But I also find paternalism appalling,* no matter which side it comes from. It is especially appalling when said paternalism strongly hints at the idea that the poor are somehow morally deficient. The left gets up in arms when the right talks about mandatory drug tests for welfare recipients; this is no different.
The policy solution to Americans of every income level buying too much soda and too many sweetened drinks is not paternalism of the thou-shalt-not variety, it’s better health and nutrition education for everyone in elementary, middle, and high school.
And here is another thing about that NYT article: There are many, many agricultural economists who have done high-quality work on SNAP that steers clear from cheap advocacy. In no particular order: Parke Wilde at Tufts; Shelly Ver Ploeg at USDA’s Economic Research Service; my grad-school colleague Chad Meyerhoefer at Lehigh; Minnesota alum Travis Smith, now at UGA; my erstwhile colleague Tim Beatty; Craig Gundersen at Illinois; and so on, and so forth.
Were any of them interviewed in the article? Of course not. I mean, why would you talk to anyone over in icky flyover country? Why would you slum it at state schools? Instead, the reporter chose to go full TED Talk on the reader, remain comfortably ensconced in area code 212, and go with… Marion Nestle who, faisant flèche de tout bois, chose to use the report’s finding to attack her favorite bête noire: Big Bad Ag. Quoth Nestle:
“… SNAP is a multibillion-dollar taxpayer subsidy of the soda industry,” said Marion Nestle, a professor of nutrition, food studies and public health at New York University. “It’s pretty shocking.”
No. What is shocking is that an article which I would not have published when I was editor of my college’s newspaper not only gets published in but makes the front page of the New York Times, supposedly one of the last bastions of Real Journalism in this era of fake news and filter bubbles.
Update: After I wrote this post on Sunday morning, Jacobin decided to run a lightly edited and slightly modified version of Joe Soss’ Facebook post as an article on Monday.

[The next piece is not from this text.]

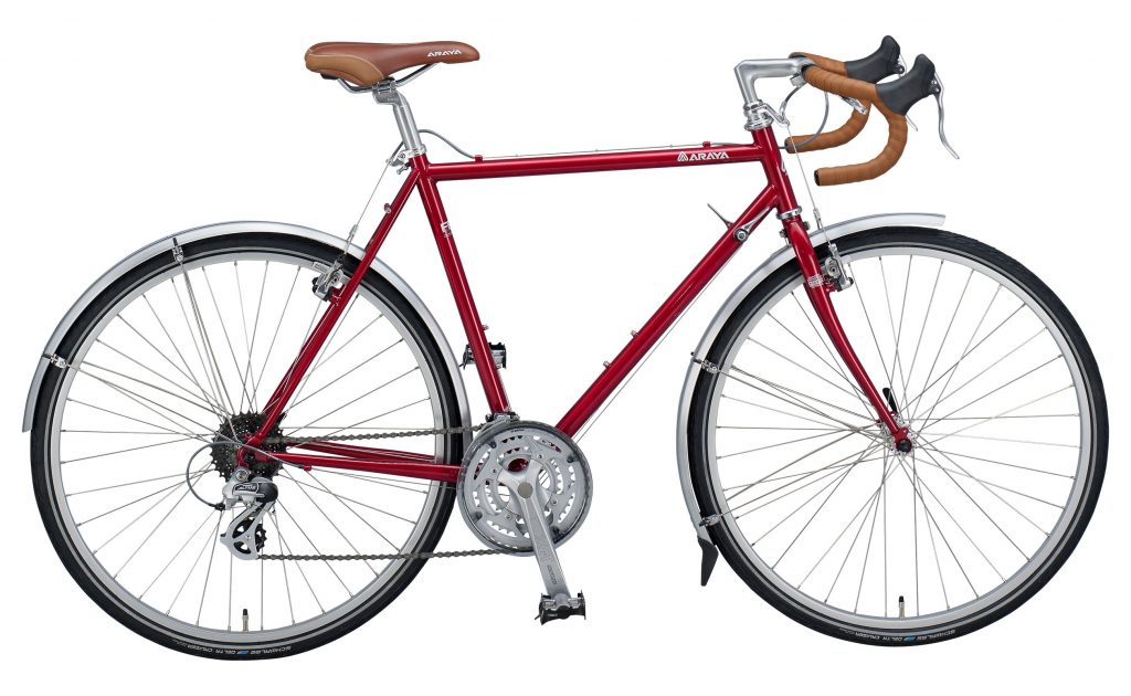 国産の優れたリム製造メーカーであり、自転車ブランドとしてもツーリングバイクを選ぶ時には外せないブランドARAYA。FEDRALは26×13/8サイズのタイヤを装着したクラシックなランドナータイプ。700cサイズの完成車と比べるとスポーツバイクの中ではマイナーなサイズになっていますが小さいホイールサイズによって低身長の方が乗ってもホリゾンタルフレームの形が崩れにくいというのは日本人にとって大きなメリットになるかもしれません。

* I don’t consider behavioral nudges to be paternalism, even though they were introduced to us in the behavioral economics class I took in grad school as “cautious paternalism.” At any rate, I don’t consider a nudge to be paternalism if it leaves people free to chose while pushing them in one direction. For example, automatically enrolling people in their 401(k) leaves people free to un-enroll if they feel like it.